Les hommes vivaient et travaillaient avec les animaux. Travaillaient comme des bêtes, c'était la condition humaine,
'si tu travailles pas poulian, tu travailleras rossian' lui avait dit son père. L'enfant reçut cette formule en héritage, de la bouche de son père qui parlait peu, venue directement du grand-père... et d'où la tenait-il... réactualisée comme l'air frais du matin.
Cet emploi fabuleux du gérondif (c'est le cas de le dire : l'enfant l'entendit comme dans un fabliau) pour personnaliser les deux âges du paysan, le poulain et la rosse, rendit ce grand-père tyrannique sympathique aux yeux de l'enfant qui, dans son for intérieur, opta aussitôt pour le métier de philologue, malheureusement, issu du monde paysan par ses grands-parents, puis petit-employé par ses parents, ce cursus ne lui fut pas offert.
Ce grand-père dauphinois avait été prié d'aller pourrir sa jeunesse dans les tranchées de 14-18. Revenu blessé, il s'en remit pour monter sur le soc de la charrue et se ranger à une philosophie de survivant du pain quotidien et de la sueur du front.
Le père, qui avait eu la force d'échapper à son tyran, évoquait sans
trop de détails une jeunesse plutôt difficile d'exilé urbain, avant
d'arriver à s'en sortir en pliant l'échine et montrant des aptitudes pour l'administration.
L'enfant s'introduit chez le musicien pour voler un peu du trésor des dieux — officiellement pour lui remettre la bouteille de
sirop des Vosges Cazé.
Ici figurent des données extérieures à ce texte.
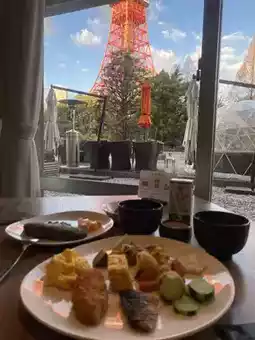 Breakfast includes freshly made omelets ~ There are also unique matcha and chocolate flavors ~ You can see Tokyo Tower directly while having breakfast ~ It’s very relaxing to watch and eat at the same time

C'est la première fois qu'il va entrer dans le logis perché du vieil homme.
Il lui a dit d'entrer, puis a ouvert lui-même à l'enfant qui hésitait.
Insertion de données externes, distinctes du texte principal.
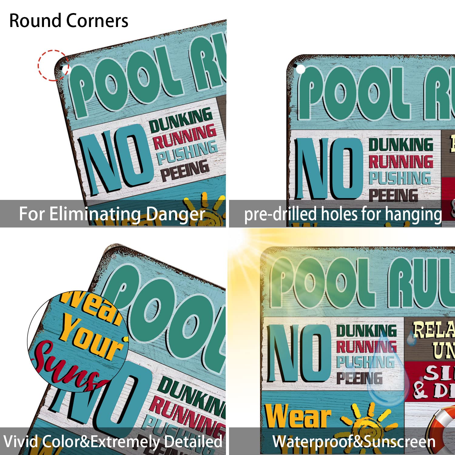 Das Vintage-Design verbessert die allgemeine Atmosphäre des Raumes Haustalk Metall-Blechschild Pool Rules Blechschild Vintage Pool Terrasse Wanddekoration Rettungsschwimmer ist wahrscheinlich betrunken, Hofschild Garage Bauernhof Garten Wanddekoration Schild Outdoor für Zuhause Zaun 20,3 x 30,5 cm Egal ob Sonne, Regen oder andere extreme Wetterbedingungen. Einfach aufzuhängen: Dieses leichte Metall-Blechschild hat 4 vorgebohrte Löcher und kann leicht auf jeder Oberfläche montiert werden und an Wänden, Türen oder Zäunen installiert werden. Das Blechschild ist aus hochwertigem Metall gefertigt und... Einfach aufzuhängen Dieses leichte Metall-Blechschild hat 4 vorgebohrte Löcher und kann leicht auf jeder Oberfläche montiert werden und an Wänden, Türen oder Zäunen installiert werden. 11. Sept. 2024 · Kaufen Sie 1 Stück, Blechschild mit lustigen Poolregeln, Vintage-Stil, für Pool, Terrasse, Wanddekoration, , Schwimmbadschild, Außendekor, 20,3 x 30,5 cm zum niedrigsten Preis bei Anwendung der Schilder: Poolbereich-Dekoration für den Außenbereich, ideal für Zuhause und Hof und zur Dekoration von Haus, Bar, Schwimmbad, See, Club, Restaurant, Strand, Café usw. Wunderbares Schild: Ein wunderbares Stück für Garage, Männerhöhle, Bar, Pub, Kaffeestation, Wohnzimmer, Schlafzimmer. Verleihen Sie Ihrem Badezimmer einen Hauch von Wandkunst., Lustige Badezimmer-Regeln. Vintage Pool Rules Metall Vintage Metall Blechschilder Retro Garage Schilder für Männer Wanddekorationen Alte Auto Shop Poster Öl- und Tankstelle Schild Man Cave Decor 20 x 30 cm Das dekorative Schild ist aus hochwertigem Aluminium-Metall, kein billiger Kunststoff. Deko Pool Vintage Metallschild Pool Rules Blechschild Vintage Pool Terrasse Schwimm Deko Garantie Wir bieten Qualität After-Sale-Rückerstattung und Rückgabeservice.

Il ne reconnaissait rien d'une maison. C'était petit, les murs étaient
tapissés de pages de journaux vieillis montrant des dessins
humoristiques, le repaire d'un original, d'un ours, d'un anarchiste
famélique. L'homme prend le sirop, fouille dans sa profonde poche et
sort des pièces qu'il met dans la main de l'enfant, qui ressort en
reculant pendant que son regard perçoit dans la pénombre le poêle en fer
rouillé mais pas le piano.
Le vieil homme referme la porte. Il craque le bouchon, prend une gorgée de sirop et va au piano.
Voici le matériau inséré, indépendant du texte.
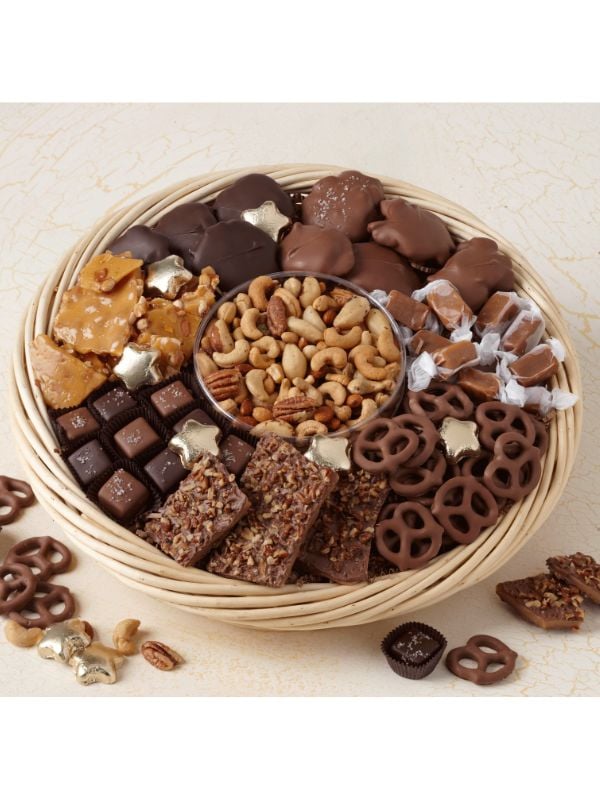 They won’t soon forget this stunner packed full with our very best products made fresh in our candy kitchens! Our Favorite Candy Tray is just that–a collection of our favorite things. Perfectly sharable! Treats come in a variety of milk and dark chocolates. Inside you’ll find:

L'enfant assis sur la marche écoute et le son vient tout de suite caresser sa peau, couler dans ses veines. Comment personne ne pouvait-il comprendre ? Personne n'avait-il jamais ressenti, ni
vécu, ce que vivait l'enfant ? Bien vite il démissionnait de ce poste
d'instituteur que le père trouvait enviable, l'enfant seul avec ce
même désir, cette même soif difficile à nommer.
Il tombe nez à nez dans un fabliau qu'il contait sur ce mot "métier", parce que tout arrive quand on est au printemps, bien placé dans le vent, ronflant, chargé d'oiseaux et d'épais nuages qui s'empressent vers le nord, chargé d'idées, de désirs et de mots, tout vient, se précipite comme les corbeaux avec leurs bouts de branches, les ramiers, les tourterelles, les mouettes avec leurs ailes qui s'agitent, tout apporte de quoi construire le nid des phrases, battre leur rythme impatient, alors le mot
mestier vient et revient,
quanque mestier li était, dit le fabliau, c'étaient les savoir-faire du vilain, comparables à ceux des oiseaux mais différents, variés comme le temps qu'il fait, utiles comme les graines, le soleil et la pluie.
Un métier pour se rendre utile ? Pour se garder de la course effrénée des désirs. Ranger, ralentir, arrêter, ne plus faire "le cheval échappé" comme dit Montaigne — pour qui se ranger c'était se mettre en retraite de trop de métiers, trouver du temps pour soi. Autant pour Pascal rentrer dans sa chambre, toujours faut-il se garder de tant d'agitation mais on sait que c'est impossible, le temps de l'humain est celui de la course à l'infini. Alors il faut apprendre à rythmer, à composer... comme le reste de la Nature, à faire mille prouesses dans l'efficacité et la beauté. Et la beauté ! car sans cette capacité d'admirer, de contempler, nous sommes à nouveau soumis au délire.